There's a potential risk of overfitting with mixup, especially in early training stages. More analysis on balancing generalization and overfitting would be valuable.

• We respectfully disagree with the concern about overfitting during early training stages. As clearly demonstrated in Figure 6(a) and 6(b), our test accuracy curves show stable and consistent improvement throughout training, with no signs of performance degradation that would indicate overfitting. In fact, the learning curves demonstrate that both mixup and M3CoL variants maintain steady improvement or stable performance even after 40,000 steps, suggesting effective regularisation rather than overfitting. The smooth, monotonically increasing nature of these curves provides empirical evidence that our approach successfully balances model generalisation and learning capacity.

M3CoL's effectiveness relies heavily on the quality of mixed samples. Discussion on how data quality variations across modalities might affect performance is lacking.

• We acknowledge this valuable point about modality-specific data quality variations. While our current work focuses on establishing M3CoL's core methodology and demonstrating its effectiveness on standard benchmark datasets, analysing the impact of varying data quality across modalities represents an important future direction. We plan to explore this through systematic experiments with controlled quality variations in our future work.

Originality: Incorporating Mixup in contrastive learning is not new [1-3], even in a multimodal setting ([4-6], see Questions.) The reviewer would truly appreciate the authors’ further discussions on [4-6].

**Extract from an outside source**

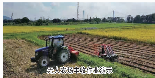
无人农场丰收作业演示

黄埔文化集团加快推进隆平稻香园和隆平院士港建设，结合农文旅融合发展，提升大吉沙岛基础设施和

• We appreciate the reviewer highlighting these relevant works. While mixup in contrastive learning has indeed been explored, our work differs in several key aspects: Previous works [1-3] focus on single-modality scenarios, while M3CoL introduces a novel multi-modal contrastive framework that specifically addresses cross-modal interactions. Regarding multimodal works: VLMixer [4] focuses on vision-language pre-training using CutMix, while M3CoL proposes a more general framework for any number of modalities PowMix [5] is specific to sentiment analysis, whereas M3CoL is domain-agnostic [6] focuses on mixing synthetic/natural images, while M3CoL addresses general multimodal data mixing Our key novelty lies in combining multimodal supervision with mixup-based contrastive learning in a unified framework that can handle arbitrary numbers of modalities, which hasn't been explored in previous works.

Significance: datasets, especially the non-medical datasets, are relatively small. The effectiveness of the method is yet to be seen from larger, real-world datasets. Since this method is relatively straightforward, larger-scale experiments will improve the significance of the submission.

• Thank you for the valuable feedback. Our experiments demonstrate M3CoL's robust scalability, with consistent performance across datasets ranging from hundreds to tens of thousands of samples (e.g., Food-101: 60K, N24 News: 48K). The model's architecture scales linearly with dataset size, with memory requirements tied to batch size, making it practical for larger datasets. While our medical datasets are smaller, they include more modalities, demonstrating M3CoL's ability to handle diverse multimodal scenarios. Testing on larger real-world datasets is a promising future direction to further validate its effectiveness.

Could the authors kindly discuss the following related work ([6] being concurrent):

• As discussed in our previous response, we have highlighted the key differences between M3CoL and works [1-6]. We will rewrite our related work section to include comprehensive discussions of all these works to better contextualise our contributions.